FOG will not boot - "Failed to get an IP via DHCP!
-
@george1421 said in FOG will not boot - "Failed to get an IP via DHCP!:
You can test this by putting a dumb (unmanaged) switch between the booting computer and the building network switch.
He did that, in his first post:
I’ve simplified the infrastructure to the client and the FOG server connected through a dumb switch.
-
@Wirefall said in FOG will not boot - "Failed to get an IP via DHCP!:
@Wirefall Update: Looking at the daemon.log, it appears that the client makes a DHCP request and is provided an IP from the FOG server of X.X.X.11. There is then an error message of “init.tftpd[XXXX]: tftp: client does not accept options.” A new DHCP Discover is then completed and the client receives X.X.X.10 (the first available entry in the DHCP pool).
The “tftp: client does not accept options.” message is a misnomer. It doesn’t mean anything in regards to the problem(s) you’re seeing. The DHCP request appears to be the issue but only within the init itself.

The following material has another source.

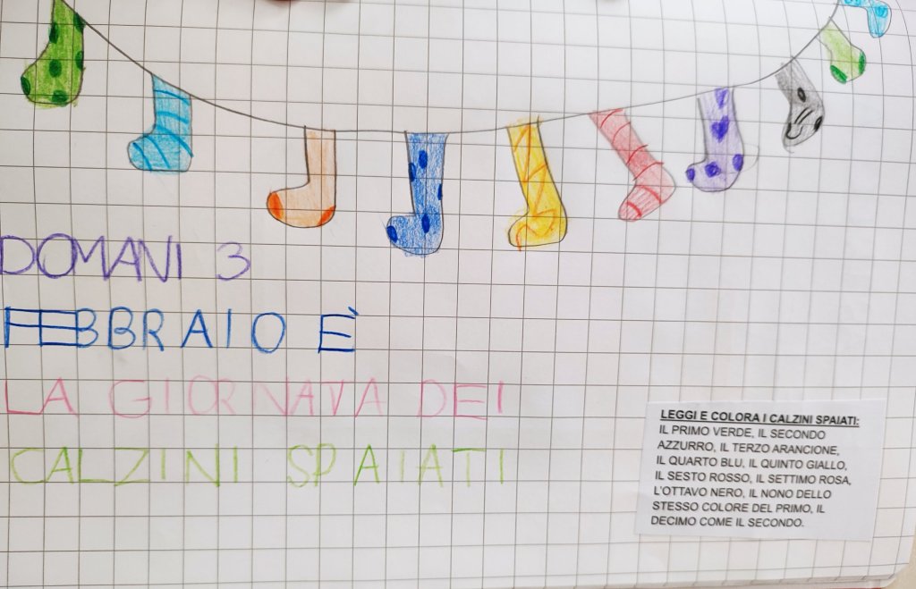 Nei prossimi giorni i bambini indosseranno calzini spaiati e leggeremo insieme albi e storie dedicati al tema inclusione.
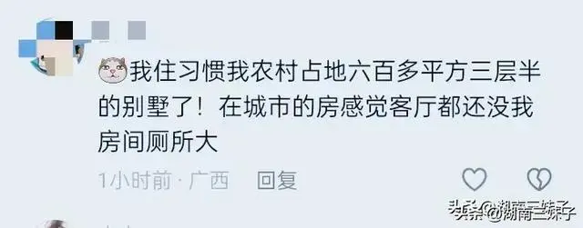 有网友说:“我住习惯了农村占地六百多平方三层半别墅了!在城市感觉客厅都还没有房间厕所大!”

This leads me to think the switch is potentially a “power saving” switch?
-
@Tom-Elliott said in FOG will not boot - "Failed to get an IP via DHCP!:
The “tftp: client does not accept options.” message is a misnomer. It doesn’t mean anything in regards to the problem(s) you’re seeing.
I agree, that tftp message is just a warning message.
We’ve seen a similar issue before with realtek nics and green ethernet/power saving/802.3az being enabled on the switch. But this is the first time seeing an intel nic do this.
-
@george1421 Thanks for the pointer, I’ll check to see if there’s anything in the BIOS I can manipulate regarding power saving features.
-
@Tom-Elliott I’ve tried through two separate switches. One managed the other as cheap as cheap can get…doubt it has any additional functionality. I’ll dig out an old hub to make sure this isn’t the problem. Thanks for input!
-
@Wirefall I think our next step is to get the target computer to boot into a debug capture console to see what is going on. If a dumb switch with no fancy support doesn’t work I think a hub would be a waste of time (unless you had one under your desk already).
-
@george1421 I’ll attempt a manual assignment and look at the debug info if successful. Cheers
-
@george1421 Roger that. I’ll attempt the manual insertion and debug capture this evening. Thanks for the prompt responses!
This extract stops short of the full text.